SPARQL 1.1 Aggregates from Toby Inkster on 2009-11-30 (public-rdf-dawg-comments@w3.org from November 2009)

From: Toby Inkster <tai@g5n.co.uk>
Date: Mon, 30 Nov 2009 09:46:24 +0000
To: public-rdf-dawg-comments@w3.org
Message-ID: <1259574385.2511.500.camel@ophelia2.g5n.co.uk>
I see that the built-in set of aggregates for SPARQL 1.1 has not yet
been decided.

The current list is quite numerically oriented. Here are some I'd like
to see:

 CONCAT - concatenates values, with an optional second
  parameter to provide a joiner character. Result
  is a plain literal with no language.

 XML_CONCAT - Concatenates values into an XMLLiteral
  using an SPARQL-Results-like structure.

 LONGEST/SHORTEST - returns the longest or shortest
  result (in terms of character count). Optional
  second parameter specifies a language.

 MODE/MEDIAN - while AVG returns the mean result, these
  two would return other kinds of average. With
  named graphs, the same triple can occur
  multiple times, so MODE makes sense. Optional
  second parameter specifies a language.

In the case where I've indicated that the second parameter specifies a
language, the aggregate function would work like this:

 1. Do any values in the list match the specified language?
  (Using same definition of "match" as langMatches.)
  If so, then discard any results which don't match.

 2. Run the aggregate as normal.

So for example, on the following graph:

 <http://example.com/cat>
  rdfs:label "cat"@en, "chat"@fr, "feline"@en, "felis"@la.

This SPARQL query:

 SELECT ?resource (SHORTEST(?label,"fr") AS ?mylabel)
 WHERE { ?resource rdfs:label ?label . }

Would return:

 resource                 | mylabel
 -------------------------+-----------
 <http://example.com/cat> | "chat"@fr

Because the non-French values would be discarded, with the shortest
remaining label being selected. However, this:

 SELECT ?resource (SHORTEST(?label,"de") AS ?mylabel)
 WHERE { ?resource rdfs:label ?label . }

Would return

 resource                 | mylabel
 -------------------------+-----------
 <http://example.com/cat> | "cat"@en

There was no German label in the data, so the discarding step never
happens - thus the shortest of any language is selected.

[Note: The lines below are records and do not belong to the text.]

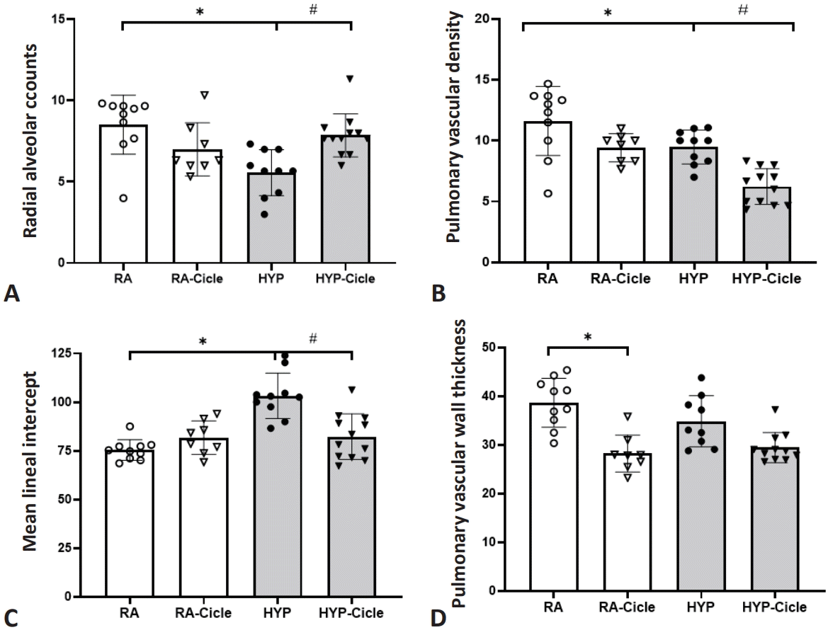 Comparing the untreated groups, at PN14, the HYP group showed less alveolarization (RAC) (Fig. 3A) and lower PVD (Fig. 3B) together with higher MLI values (Fig. 3C) than the RA group. Regarding the impact of ciclesonide treatment, the HYP-Cicle group had better RAC (Fig. 3A) and MLI (Fig. 3C) than the HYP group (Fig. 4). Further, the RA-Cicle group showed lower PVWT values than the RA group, with no differences being observed between other groups (Fig. 3D).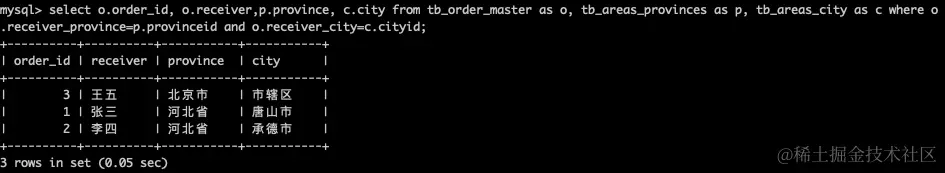 select o.order_id, o.receiver,p.province, c.city from tb_order_master as o, tb_areas_provinces as p, tb_areas_city as c where o.receive_province=p.provinceid and o.receiver_city=c.cityid;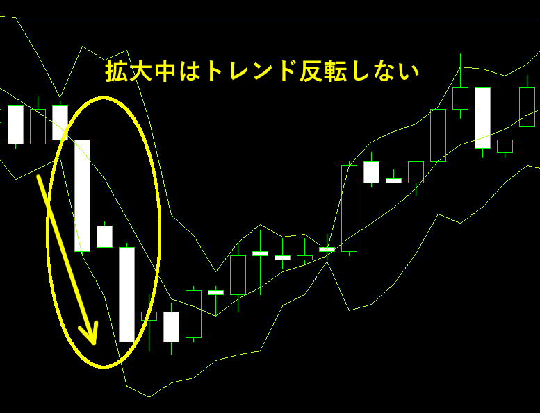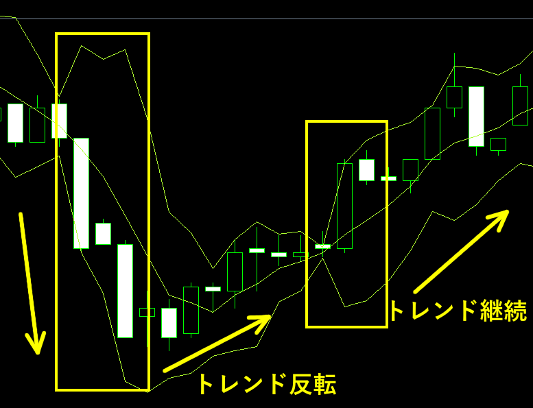 そして、それゆえに大きな動きを伴うトレンド発生のサインは実はトレンド転換にもつながりやすい、

I think in terms of presenting views of graph data, having these
aggregate language preferences (and they're preferences, not filters, as
the second example illustrates) would be very useful - especially for
"label" and "description" kinds of fields.

While I'm giving examples, I'll provide some for CONCAT and XML_CONCAT:

 SELECT
  ?resource
  (CONCAT(?label, ";") AS ?concat)
  (XML_CONCAT(?label) AS ?xmlconcat)
 WHERE { ?resource rdfs:label ?label . }
 ORDER BY ?label

?concat would be "cat;chat;feline;felis" (the ORDER BY clause having
been used by the aggregate function). ?xmlconcat would be:

"""<literal xml:lang="en">cat</literal>
<literal xml:lang="fr">chat</literal>
<literal xml:lang="en">feline</literal>
<literal xml:lang="la">felis</literal>"""^^rdf:XMLLiteral 

Perhaps the data type could be more specialised - instead of
rdf:XMLLiteral, it could be, say, sparql:XMLResultsLiteral, which SPARQL
libraries could recognise and automagically parse for you.

-- 
Toby A Inkster
<mailto:mail@tobyinkster.co.uk>
<http://tobyinkster.co.uk>
Received on Monday, 30 November 2009 09:47:14 UTC